Comparisons of TL maps and error analysis. (a) Two examples of TL maps of ground truth, the proposed method, and the ray method. (b) MAE, MSSIM, and their 95% confidence intervals of the proposed method and the ray method.
Comparisons of TL maps and error analysis. (a) Two examples of TL maps of ground truth, the proposed method, and the ray method. (b) MAE, MSSIM, and their 95% confidence intervals of the proposed method and the ray method.
The MAE, MSSIM, and their 95% confidence intervals from 10 to 50 Hz with an interval of 5 Hz are illustrated in Fig. 4(b).
From Fig. 4(a), good similarities are observed between the predicted and true data. This proves that the proposed method is capable of predicting the TL maps for given source depth, frequency, and sound speed profile from the corresponding ray trajectories. Figure 4(b) illustrates that the proposed method predicts the TL maps on low error levels. The error tends to slightly increase with the increase in the frequency. This increase is because the distribution of TL at higher frequencies exhibits higher complexity. In addition, both the 95% confidence intervals of MAE and MSSIM are similar at different frequencies, which demonstrate that the network is stable to predict the TL maps for different source depths.

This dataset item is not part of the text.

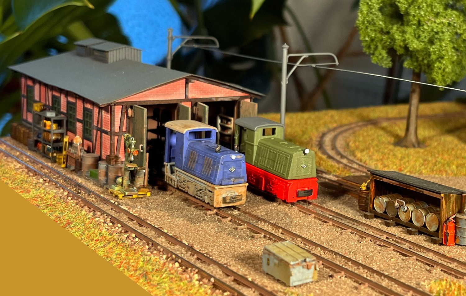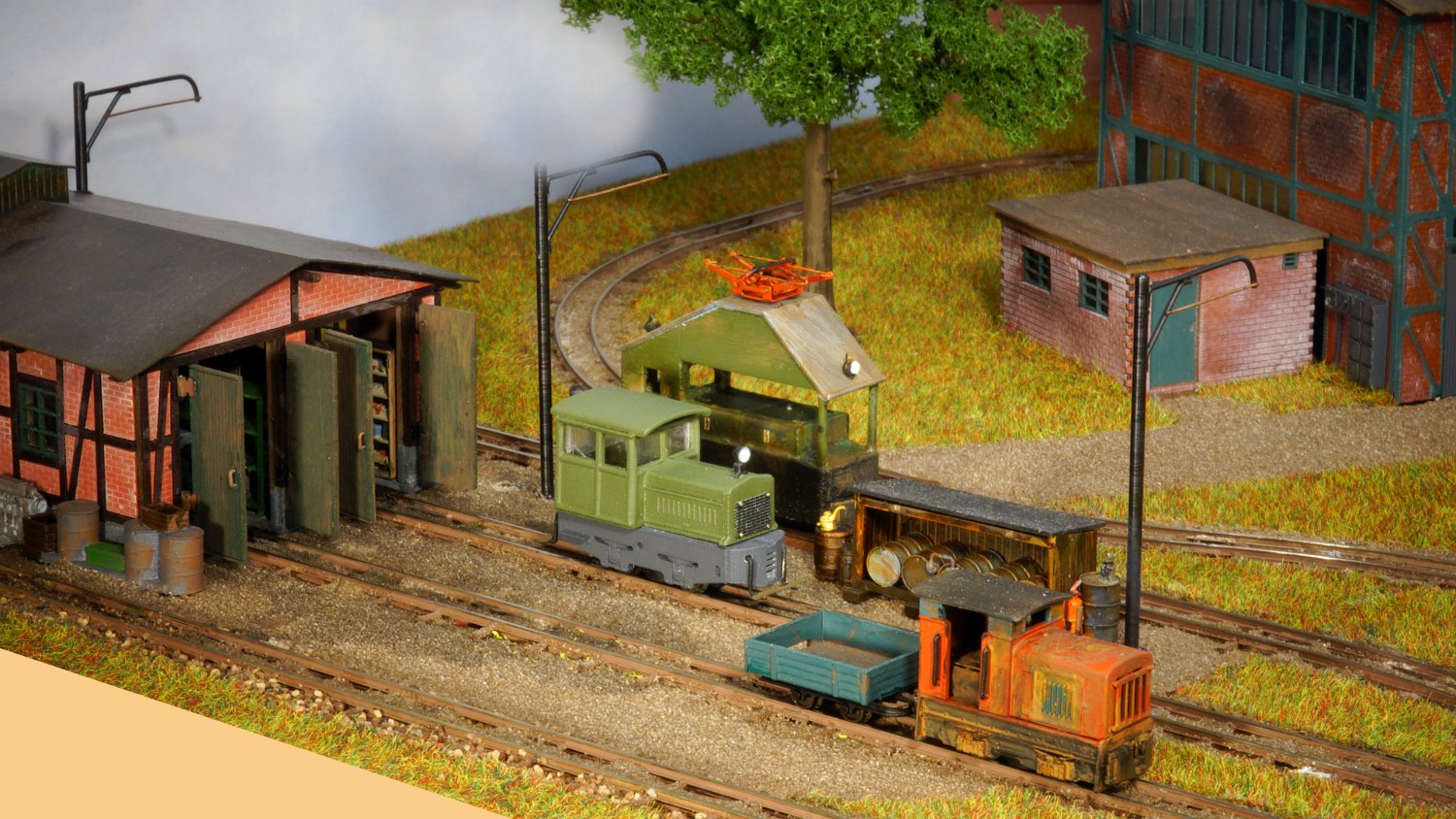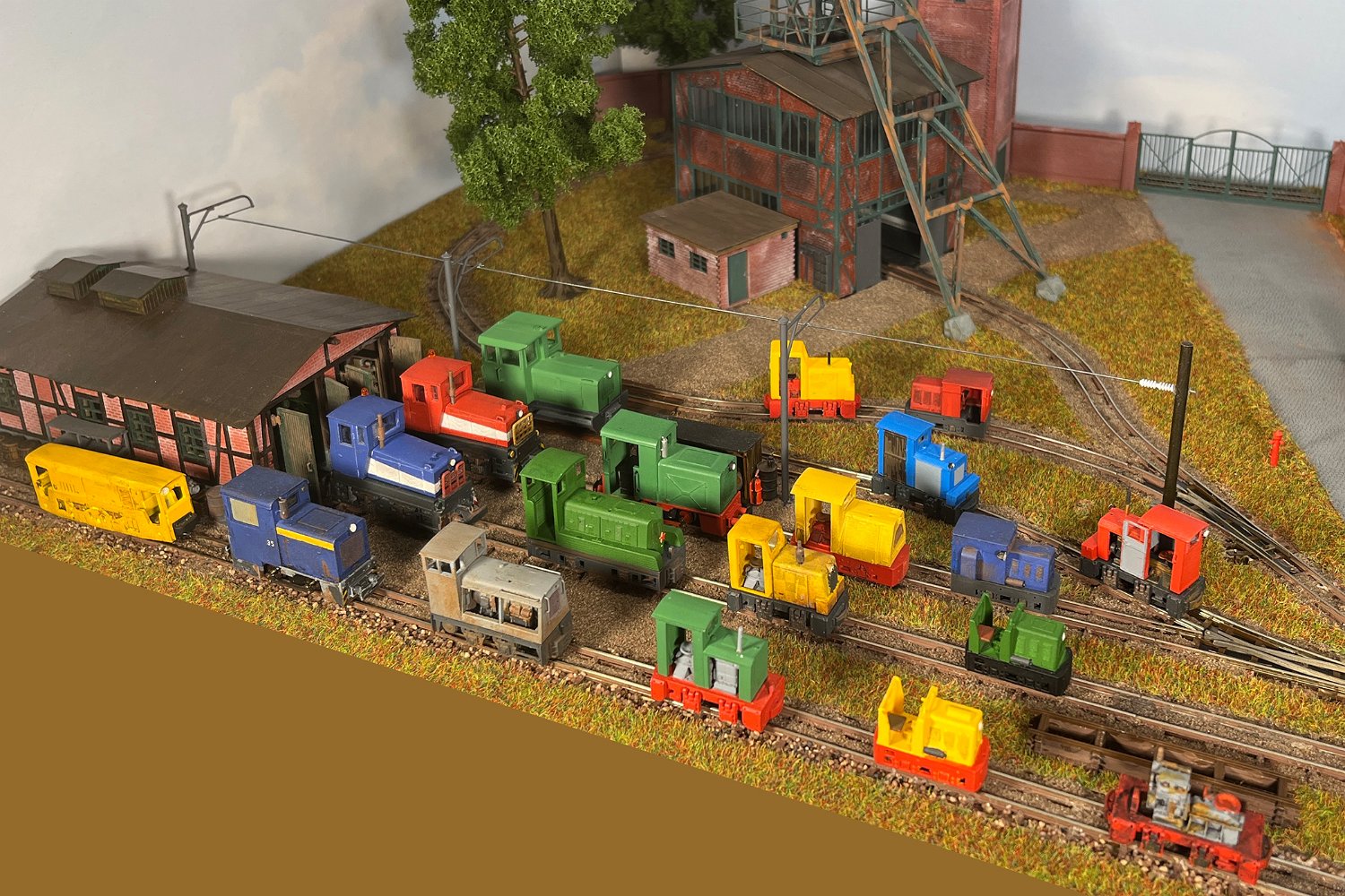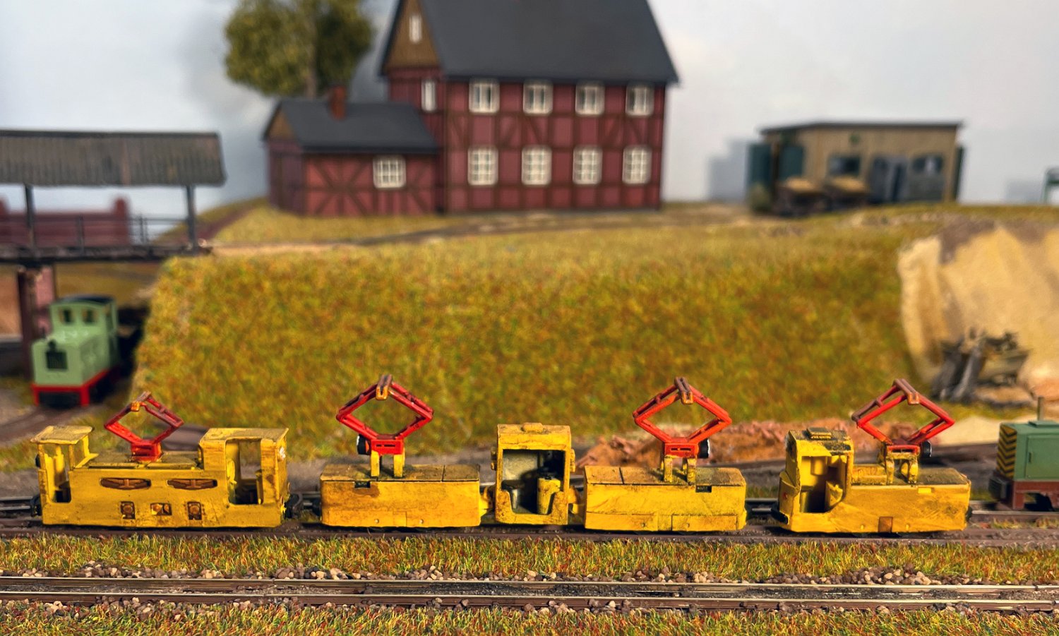 29 Zwei Jung ZL 233 an der Dieseltankstelle. Dahinter endet die elektrifizierte Strecke die irgendwann von einem Waldbahn-Modul kommen soll. Dafür stehen zwei SSW-Fahrleitungsloks zur Verfügung. |

Figure 4 also demonstrates that the ray method has obvious larger errors than the proposed method. The ray method lacks sufficient accuracy in the area where rays do not travel through, which proves that the proposed method has good performance in low-frequency range.
4. Conclusion
To efficiently predict the TL in SOFAR channels, a deep learning-based method is proposed and examined in this research. The method provides an accurate mapping between ray trajectories and the TL using the convolutional neural networks in an image-processing-like framework. Ray trajectories contain rich information of the wave propagation, are usually easy to obtain, and thus provide a solid data foundation for predicting the TL. The U-net-type network is used, and a hybrid loss function combining SSIM and IG is designed. By successfully training the network, the model can achieve generalized learning of the underlying physics of underwater acoustic transmission phenomena from ray trajectories and then effectively and efficiently predict the low-frequency TL. The tests in a SOFAR channel with a continental slope show that trainings can converge quickly based on a small amount of training data. It also offers promising prospects for use in more complex environments, where its computational efficiency characteristics can be further exploited.
Acknowledgments
This work was supported by the National Natural Science Foundation of China (12074317).
Author Declarations
Conflict of Interest
The authors declare that there are no conflicts of interest regarding the publication of this paper.
Data Availability
The data that support the findings of this study are available from the corresponding author upon reasonable request.